= Guy Lacour =

French composer

(Guillaume) Guy Lacour (8 June 1932 in Soissons, Aisne – 15 May 2013) was a French composer of classical music, and a tenor saxophonist.

==Education==
Lacour started musical studies at 10 years old in his home city of Soissons. He joined local orchestras and earned his diploma from the Confédération Musicale de France. He then attended the conservatory in Versailles where he studied with Marcel Josse. He entered the Conservatoire National Supérieur de Musique in Paris in 1950 and studied saxophone with Marcel Mule and chamber music with Fernand Oubradous.

==Career==
After finishing his studies, he became a pop saxophonist and played in four leading groups of that time, performing in leading music halls, cabarets and variety shows (Lido, Moulin-Rouge, Folies Bergère, etc.). He remained a classical saxophonist, however, performing in symphony orchestras in concerts, on the radio, and in the opera. In 1961 he joined the famous Marcel Mule Saxophone Quartet as its tenor saxophonist. This led to concerts and recording sessions with the Berlin Philharmonic under Herbert von Karajan, the Orchestre de Paris under Daniel Barenboim as a soloist. After leaving the Marcel Mule Quartet, he was a member for several years of the Ensemble de Saxophones Français.

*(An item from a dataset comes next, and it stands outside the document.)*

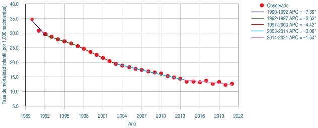 La tendencia de la mortalidad infantil desde 1990 hasta 2021 se analizó utilizando el modelo de regresión segmentada JoinPoint versión 4.5.0.1.14 Este modelo, basado en un modelo log-lineal, identifica puntos en el tiempo donde la dirección o la magnitud de la tendencia cambia significativamente, con el fin de probar si una línea multisegmentada es estadísticamente mejor para describir la evolución temporal de un conjunto de datos, en comparación a una línea recta menos segmentada.15,16 El modelo JoinPoint identifica los puntos en el tiempo donde se producen cambios significativos en las tendencias, estimando el porcentaje de cambio anual (APC, por su sigla en inglés: annual percentage of change) para cada segmento de la regresión lineal, así como sus intervalos de confianza al 95% (IC95%) y su nivel de significancia estadística.17
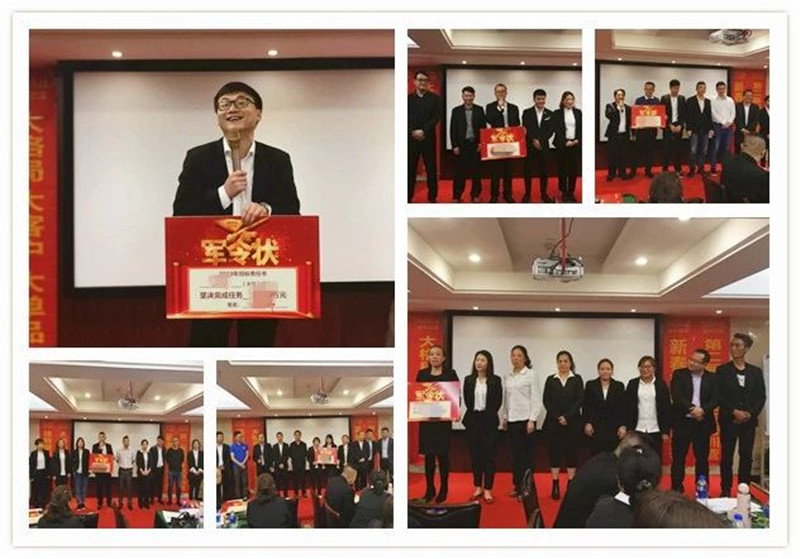 各大区经理带领队员很开心地领取销售任务。大家的营销热情似火,以饱满的精神状态迎接新挑战,势必拼搏再攀高峰,力争全面实现年度销售目标,共创共赢!

His teaching career began in 1975. He taught saxophone in several conservatories around Paris. He became a professor at the Ecole Nationale de Musique Edgar Varèse in Gennevilliers, Hauts-de-Seine, France and in the same year was named Director of the Conservatoire Municipal de Mantes-la-Ville, Yvelines, France.

He served on the juries at saxophone performance contests. He was a founding member of the Association des Saxophonistes de France, and was later appointed an "emeritus member". He became a technical consultant and instrument tester for the Selmer saxophone firm in Mantes-la-Ville.

In 1992 he ended all other activities to concentrate on composition. His first composition was back in 1963. Many of his later pieces have become standard repertoire and required pieces at saxophone performance competitions worldwide.

==Compositions==
- 1972 Hommage to Jacques Ibert (alto saxophone and orchestra)
- 1971 Suite en duo pour 2 Saxophones ou 2 hautbois ou 2 clarinettes (2 saxophones, 2 oboes, or 2 clarinets)
  1. Allegro
  2. Aria
  3. Petite Fugue
  4. Largo puis Scherzetto
- Belle époque
- Chanson Modale (flute and piano)
- Deux SI, Deux La (flute and piano)
- Divertissement (alto saxophone and percussion)
- Double Jeu (soprano saxophone and tenor saxophone duet)
- Juste au cor (French horn and piano)
- Méditation (saxophone ensemble: sopranino ad lib, SSAAATTTBB, bass ad lib)
- Moments partagés (2 clarinets)
- Noctilène
- Pièce Concertante (alto or tenor saxophone and orchestra)
- Quatuor Helios (flute quartet or flute plus string trio)
- Quatuor pour Saxophones (saxophone quartet)
  1. Elegie
  2. Scherzo
  3. Rondo Final
- 2000 "Entrelacs" pour Flute and alto Saxophone (A Marianne HUARD et Daniel GREMELLE)
- 2011 "Dualités" pour Alto Saxophone et Piano (À Kenneth Tse)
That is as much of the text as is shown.